Mocha Cheesecake with Stevia

32 ounces of cream cheese at room temperature
1 cup Stevia In The Raw 1 tablespoon vanilla 4 eggs 1/2 cup sour cream 1/8 cup warm water 4 tablespoons instant coffee

For the ganache:

1 cup heavy cream
7 ounces unsweetened chocolate, chopped
1 cup stevia in the raw
1 tablespoon vanilla
Optional: Candy pearls (you can find these at most grocery or craft stores)

Preheat oven to 350. Beat the cream cheese and stevia until very smooth, scraping the sides as you go. Add eggs one at a time, beating well after each addition.
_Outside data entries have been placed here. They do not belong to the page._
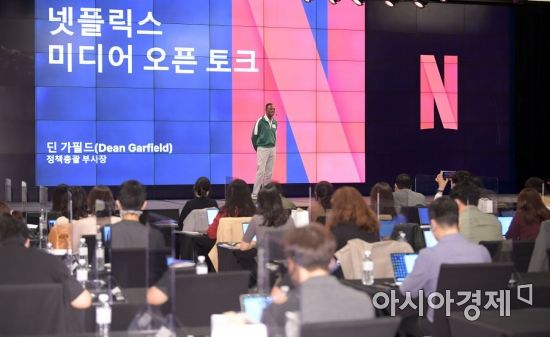 딘 가필드 넷플릭스 정책총괄 부사장이 4일 서울 종로구 JW메리어트 동대문 스퀘어 서울 호텔에서 열린 미디어 오픈 토크에서 인사말을 하고 있다./김현민 기자 kimhyun81@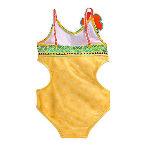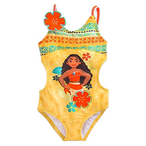 Genuine, Original, Authentic Disney Store One-piece swimsuit Moana sublimated ink art on front Allover satin finish Embroidered hibiscus applique Brand : Disney Item model num : 458032391762 Package Dimensions(LxWxH) : 28x25x2cm ; 91 g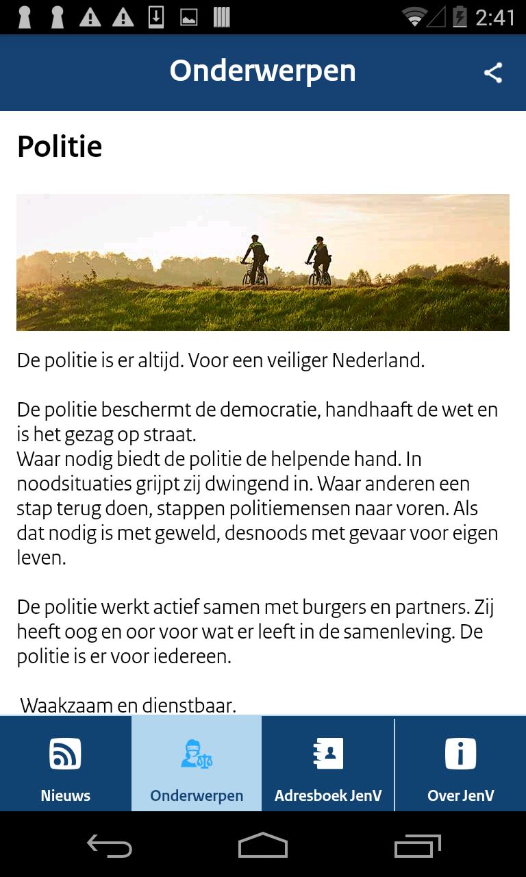 Always the latest news and current information about justice and safety within reach? Download the free app and find the latest news, social media, popular topics, addresses and the most frequently asked questions in one app.

Add the vanilla and sour cream and beat until combined. Dissolve the coffee in the warm water and add to the batter (you can add more or less coffee to taste). Line the bottom of a spring-form pan with parchment paper and grease the sides. Pour cheesecake batter into the pan. Set aside while you make the ganache. Heat the cream on the stovetop until bubbly around the edges. Place chocolate in cream and remove from heat. Cover and let it sit for about 5-10 minutes until chocolate is melted. Add stevia and vanilla and stir until smooth. Take about 1/4 cup of the ganache and pour into the cheesecake batter in pan. Swirl the chocolate around with a toothpick. Refrigerate the rest of the ganache and save for decorating. Fill a roasting pan with water and place on bottom rack of oven (this creates steam and will help the cheesecake to not crack) Bake the cheesecake on the middle rack of your oven for one hour. Turn the oven off and let the cheesecake cool for 30 minutes in oven. Refrigerate overnight.

To decorate:

Melt half of the ganache until silky again slowly over a double boiler. Unmold cheesecake from springform pan and pour melted ganache over top of cheesecake, letting it drip down the sides. Place the cold ganache, which will be very thick, in a pastry bag and pipe stripes in a crisscross pattern over the ganache. Garnish with candy pearls.

Serve at room temp.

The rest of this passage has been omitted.